We use an approach where CVAE with fuzzy layers was trained on a small portion of labeled data, and further labeling is carried out iteratively, using hints from CVAE. Each markup cycle marks new examples of classes and errors made in the previous iteration. After re-labeling a new small portion of data, CVAE is re-trained and the procedure is repeated again. The labeling process stops when a new piece of data does not provide a significant increase in the quality of the model output. Then a decision is made to either build a more complex CVAE or operate the resulting model.

The above procedure has proven to be very effective for quickly prototyping models in one helmet and in short time.

A possible reason for this efficiency is most likely due to the fact that the additional training procedure does not require a radical restructuring of the variety of latent data representation – the VAE features are already approximately located in their places, the centroids of the Gaussians from the fuzzy layer migrate slightly to new positions during additional training, everything is smooth, smoothly, without tears.

Conclusion

For now, this is all we would like to share with you. Of the big issues that have not been addressed, there remains anomaly detection, which, with the help of FuzzyLayer becomes an interesting and exciting thing.

We'll talk about it next time if you want.

The bottom line is that a CVAE model with a fuzzy classifier is presented, which allows you to reorganize the structure of the latent space in the most gentle way for VAE, preserving its cluster structure. This makes it possible, using expert knowledge (markup), to localize areas of latent space associated with specific classes from the markup. And this, in turn, makes the process of generating latent vectors a more manageable process.

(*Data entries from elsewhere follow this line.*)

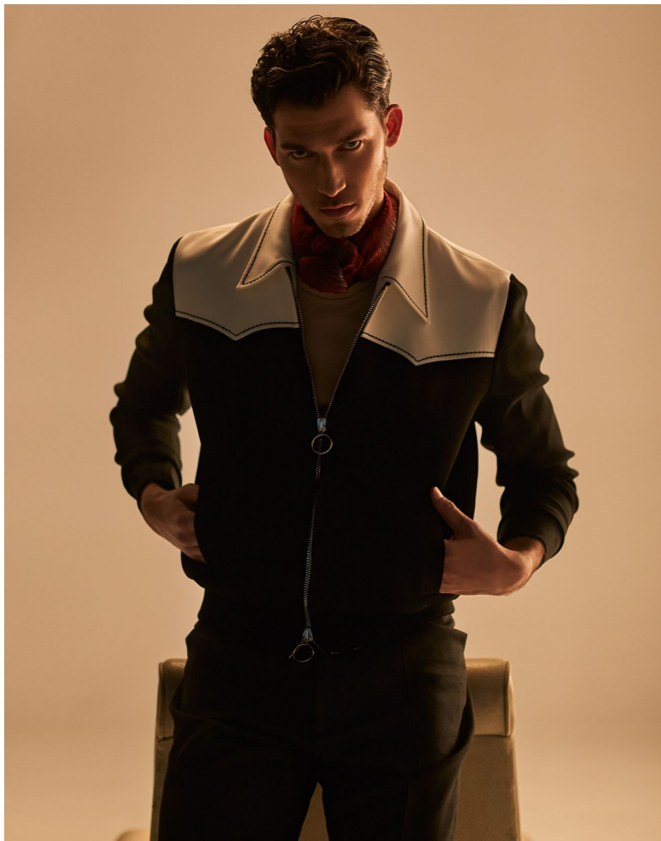
Página anterior: Camisa, Adolfo Dominguez. Chaqueta, Gant. Pantalón, Guess. Calcetines, Tenkey. Zapatos, Fluchos.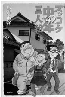
ズッコケ中年三人組 age42 著＝那須 正幹 【ポプラ社】

◆架空の町の稲穂県ミドリ市花山町を舞台にした「ズッコケ三人組」シリーズ。ハチベエ、ハカセ、モーちゃんも42歳。今回はモーちゃんの娘とハチベエの長男の物語。フォークデュオ・ゆずも登場。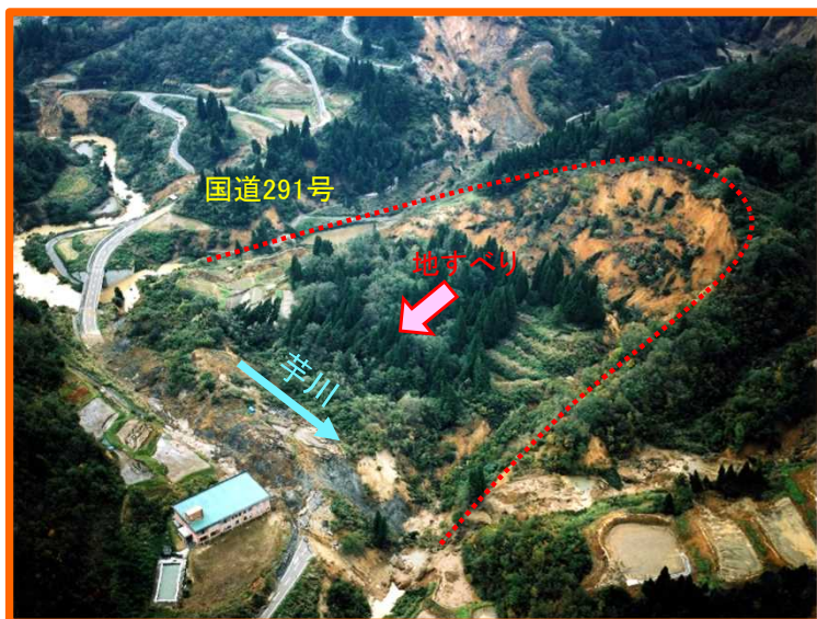
平成16年新潟県中越地震直後の東竹沢地区の河道閉塞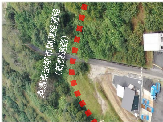
R4.9.15 時点 (着工前)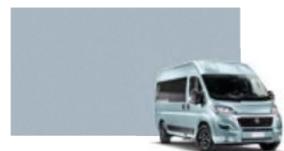
453 Bleu lagon

On the other hand, when additional training of such models, the absence of explosive reconstruction of the latent manifold makes it possible to iteratively mark up the minimum required dataset for an acceptable solution to the problem.

Thanks to @dnlhov for help in this publication, together with whom we are developing this topic to a product state. I also express my gratitude to @sukharudze and @St_Hedgehog for productive discussions and comments.

The full code of modules and examples mentioned in the article can be found in the repository pytorch-fuzzy.